WHAT YOU ARE ASKED TO DO
Please write out exactly the lines from the opening of the listing through the line that holds "File photo shows", including both, and nothing else; no pictures.

DATASET
- Opening Delimiter -

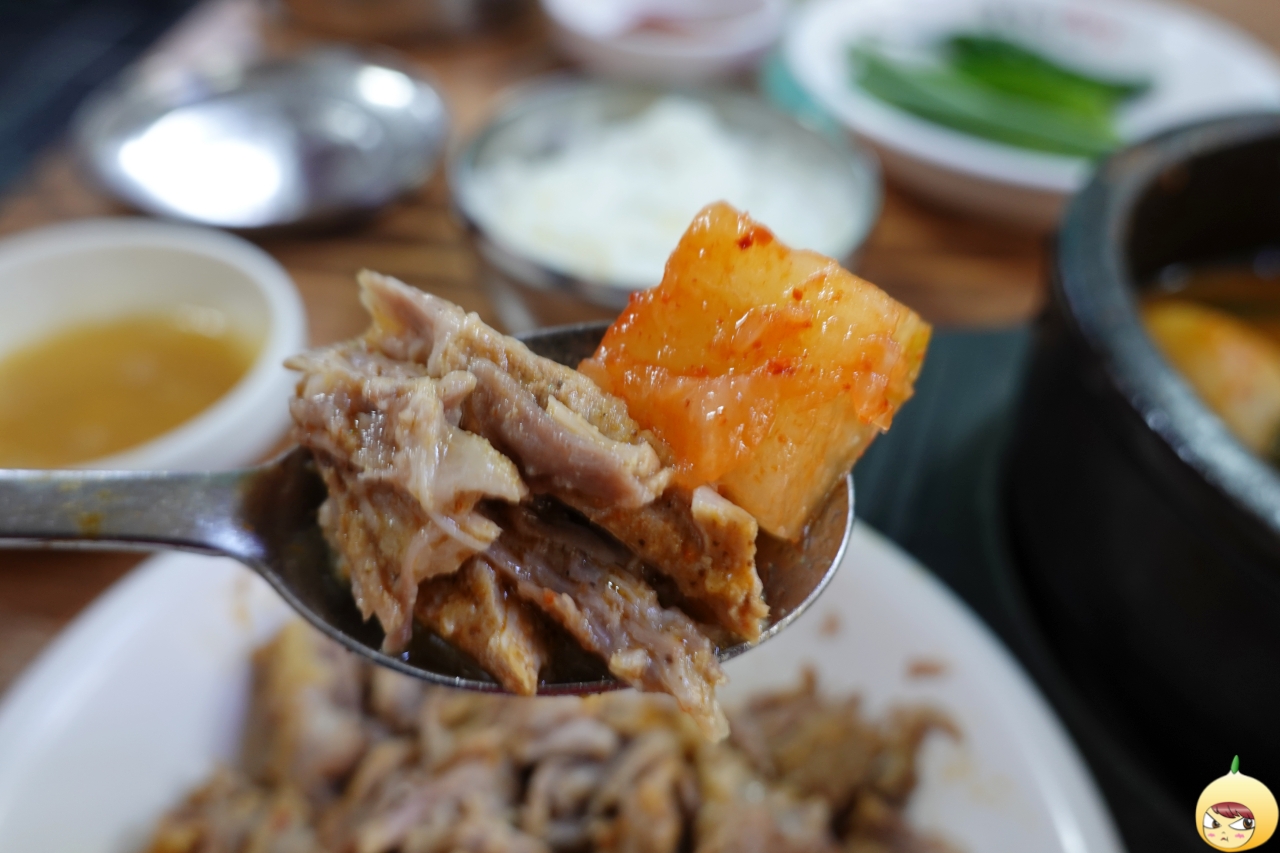 남아있던 뼈에도 고기가 많다. 이러니 바쁜 점심시간에도 사람들이 줄을 서서 기다리나 보다. 분리작업을 끝내고 밥은 2/3만 투하한다. 밥에 국물이 스며들도록 잠시 기다린 후, 본격적으로 폭풍흡입에 돌입한다. 1차를 하느라 뚝배기가 적당히 식어서 먹기 딱 좋은 온도가 됐다. 깍두기도 올리고 마늘종도 올리고 그렇게 먹다 보니 어느새 바닥이 보인다.
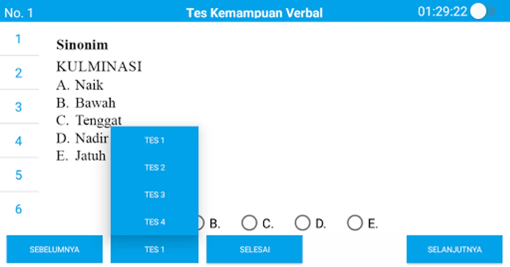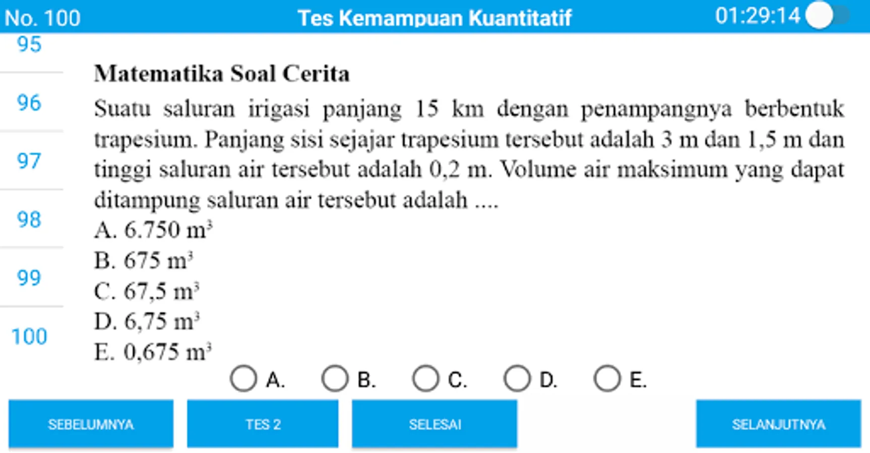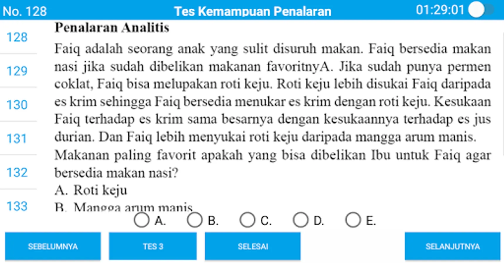 There are four test categories in this simulation, namely Verbal Ability Test, Quantitative Ability Test, Reasoning Ability Test, and Spatial Ability Test. This simulation is equipped with discussion so that it will be easier to learn psychological questions. In addition, the simulation is also equipped with a timer and an automatic score. In this application there are psychological test questions that often come out and how to do them. This application can be used to study before taking a company entrance test, tests to find work in government and private institutions, test to get a scholarship, and so forth.
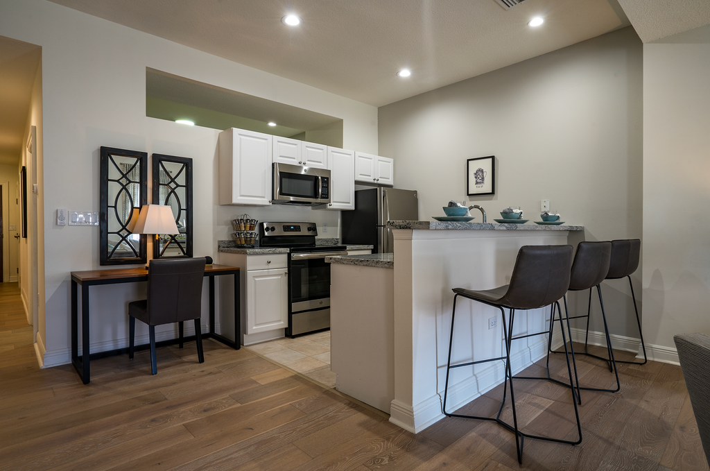 - Modern kitchens with breakfast bar and granite countertops
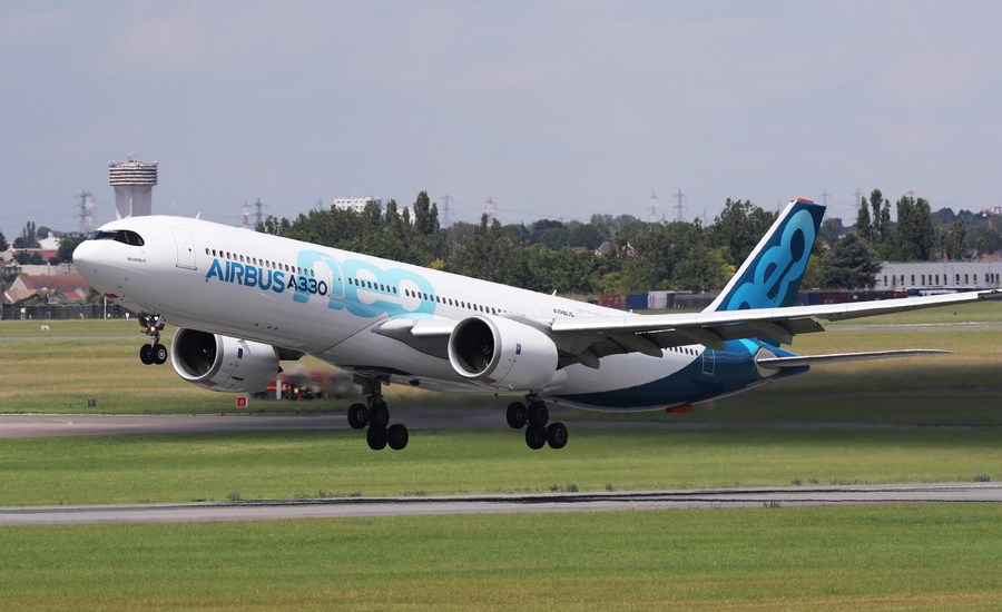File photo shows an Airbus A330 NEO performing during a flight display at the 53rd International Paris Air Show held at Le Bourget Airport near Paris, France, June 17, 2019. (Xinhua/Gao Jing)
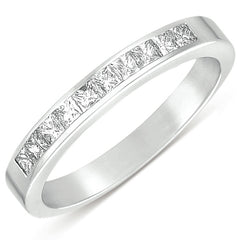 This Band is available in 14K White Gold. There are a total of 10 stones. There are Princess with a total carat weight of 0.4 set in a Channel Set setting.
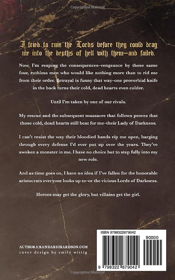 I tried to ruin the Lords before they could drag me into the depths of hell with them–and failed. Now, I’m reaping the consequences–vengeance by those same four, ruthless men who would like nothing more than to rid me from their order. Betrayal is funny that way–one proverbial knife in the back turns their cold, dead hearts even colder.

- Closing Delimiter -

RESULT
 남아있던 뼈에도 고기가 많다. 이러니 바쁜 점심시간에도 사람들이 줄을 서서 기다리나 보다. 분리작업을 끝내고 밥은 2/3만 투하한다. 밥에 국물이 스며들도록 잠시 기다린 후, 본격적으로 폭풍흡입에 돌입한다. 1차를 하느라 뚝배기가 적당히 식어서 먹기 딱 좋은 온도가 됐다. 깍두기도 올리고 마늘종도 올리고 그렇게 먹다 보니 어느새 바닥이 보인다.
 There are four test categories in this simulation, namely Verbal Ability Test, Quantitative Ability Test, Reasoning Ability Test, and Spatial Ability Test. This simulation is equipped with discussion so that it will be easier to learn psychological questions. In addition, the simulation is also equipped with a timer and an automatic score. In this application there are psychological test questions that often come out and how to do them. This application can be used to study before taking a company entrance test, tests to find work in government and private institutions, test to get a scholarship, and so forth.
 - Modern kitchens with breakfast bar and granite countertops
File photo shows an Airbus A330 NEO performing during a flight display at the 53rd International Paris Air Show held at Le Bourget Airport near Paris, France, June 17, 2019. (Xinhua/Gao Jing)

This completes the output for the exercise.